Electric Transportation Confers Environmental Benefits, But It’s a Tricky Subject
A friend sent me this piece from the Wall Street Journal on the environmental benefits of electric transportation, called Are Electric Cars Really Better for the Environment?
While it’s very good, the situation is actually a bit more complicated than this. These guys make the same mistake almost everyone makes in these calculations, i.e., they talk about the average grid mix. It’s true that the average grid mix is getting steadily cleaner, but that’s not the point. What matters is how utilities respond to a predictable, incremental load, e.g., charging a car.

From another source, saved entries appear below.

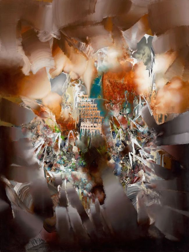 策展人杜曦云认为,钟飙早期以视觉蒙太奇映射时代景观,近年更注重潜意识能量的释放。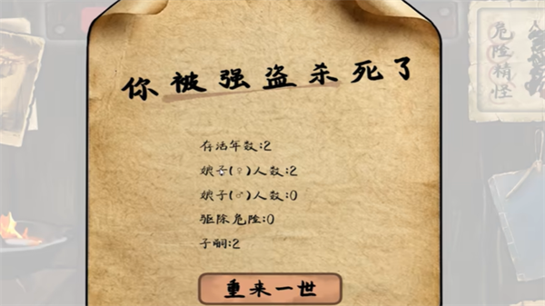 4、如果判断错误,就死了,系统会显示存活年数等数据,玩家可以选择重新开始或返回主界面。
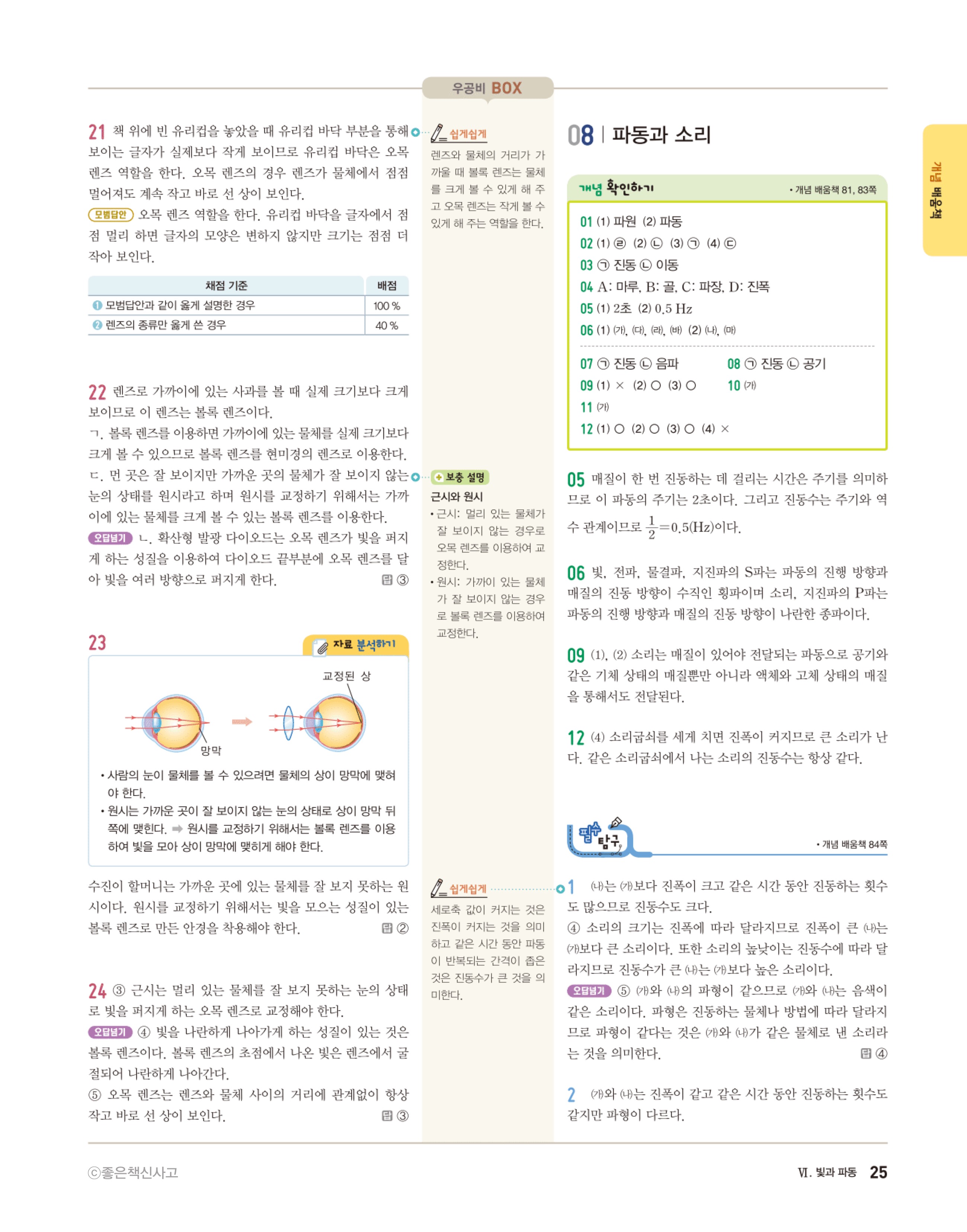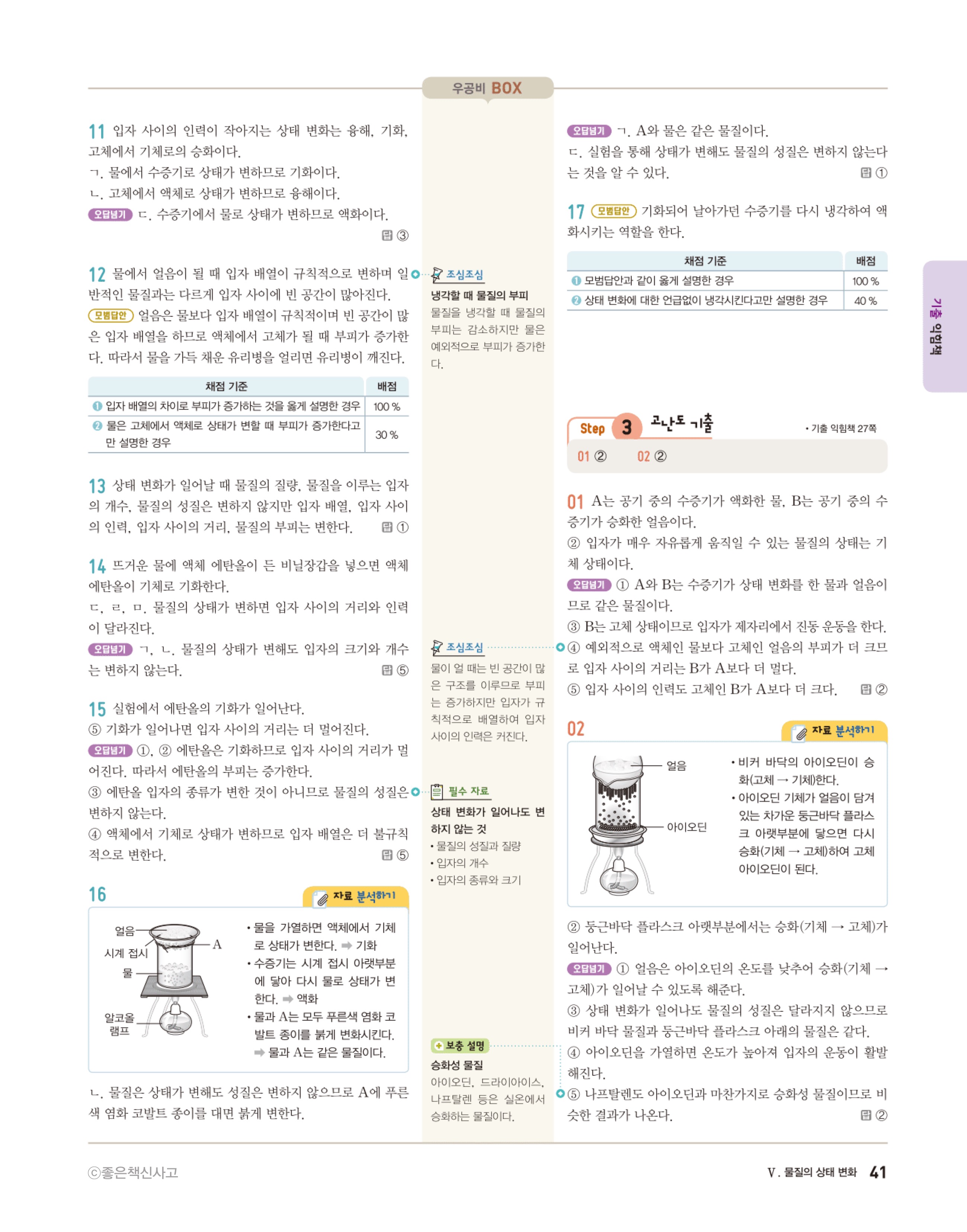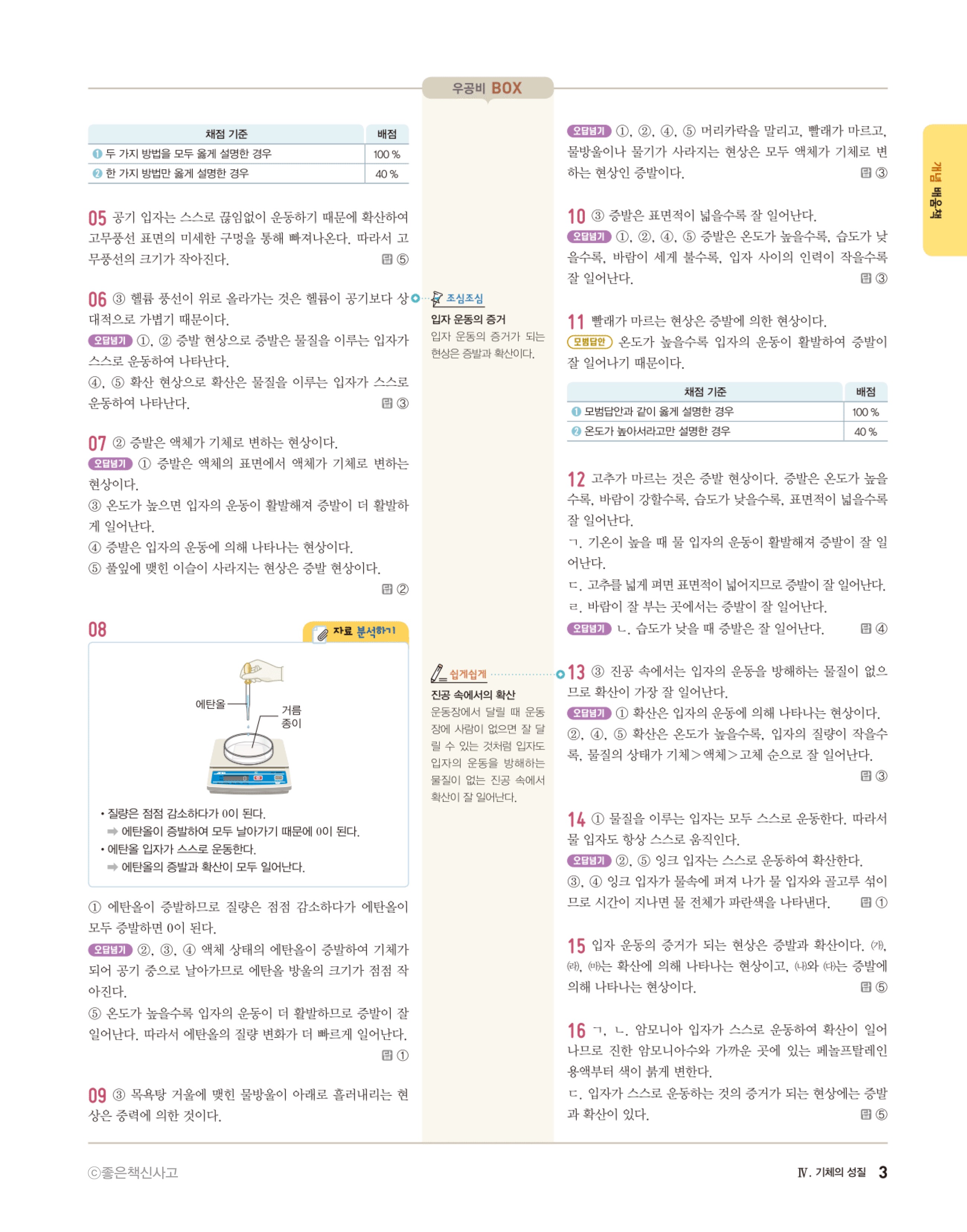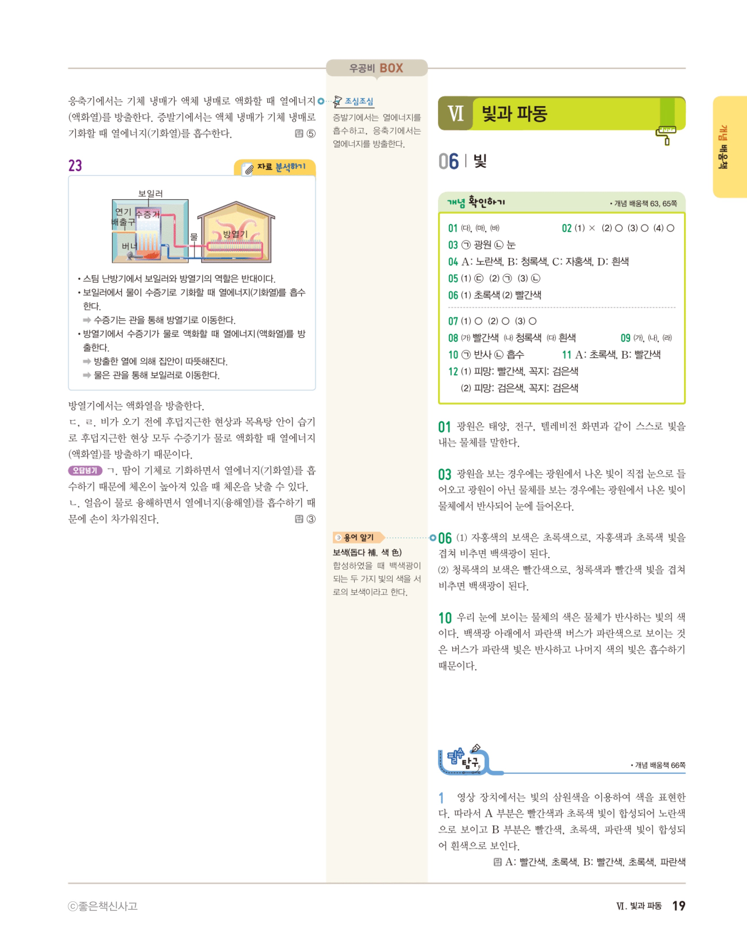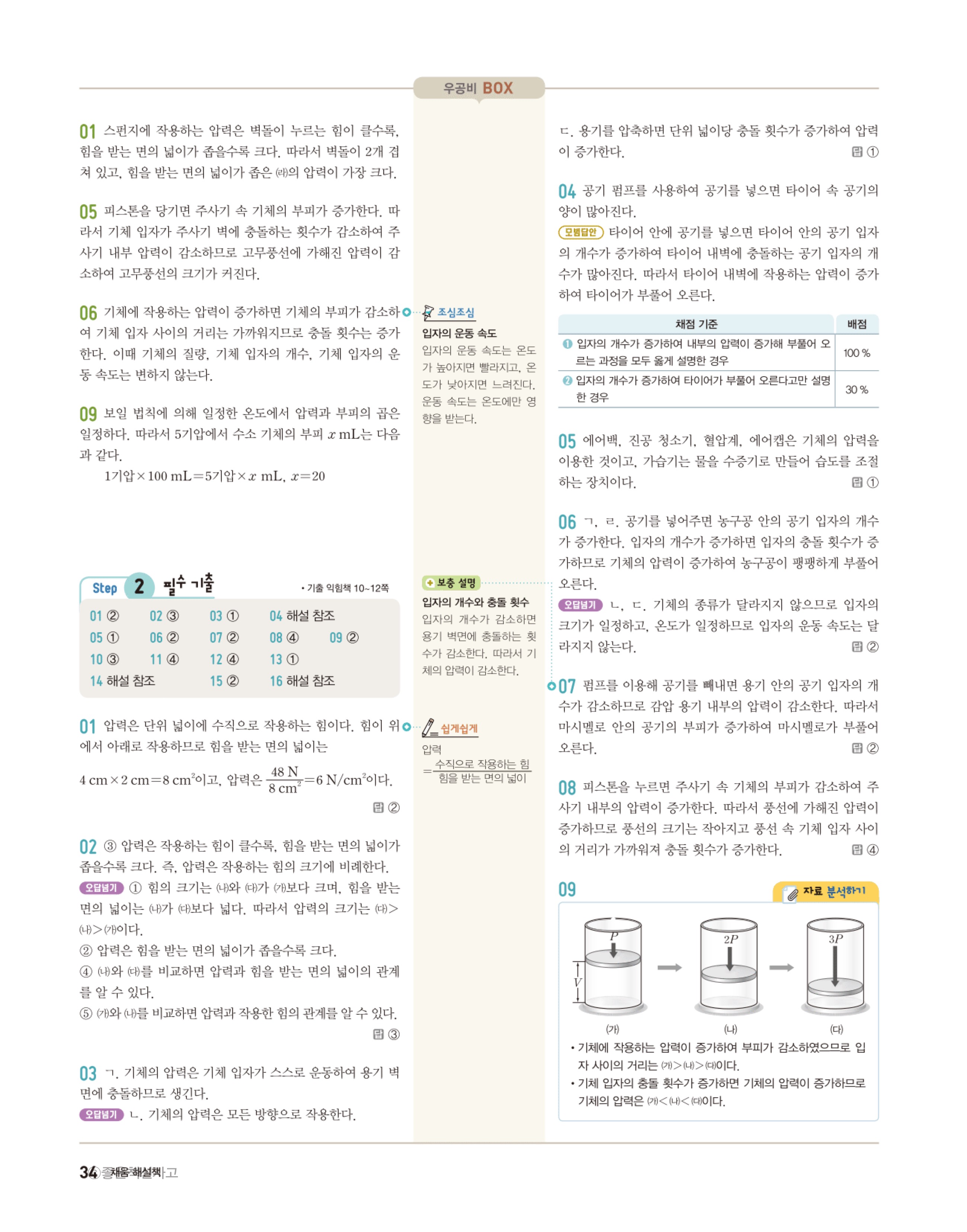 우공비 중등과학 1-2 답지 해설 바로보는 사진답지 빠른답지 모바일최적화

In the Eastern part of the U.S. at night, sadly, this means burning more coal. You plug your car in, and you’re setting off a series of buy/sell transactions the result of which is that somewhere, somebody who would otherwise be able to throttle back coal due to the lower nighttime demand can’t do that, because he needs that incremental power. And, because coal is far dirtier that anything else, the environmental benefit of an EV charged under these circumstances is far less than other places and times, where the energy source might be natural gas, or better yet, renewables or nuclear.
This too is changing all the time, and for the better. People are actually over-building the solar PV arrays on their roofs so as to accommodate charging their cars. The carbon footprint in this case is virtually zero–it’s just the construction of the solar panels.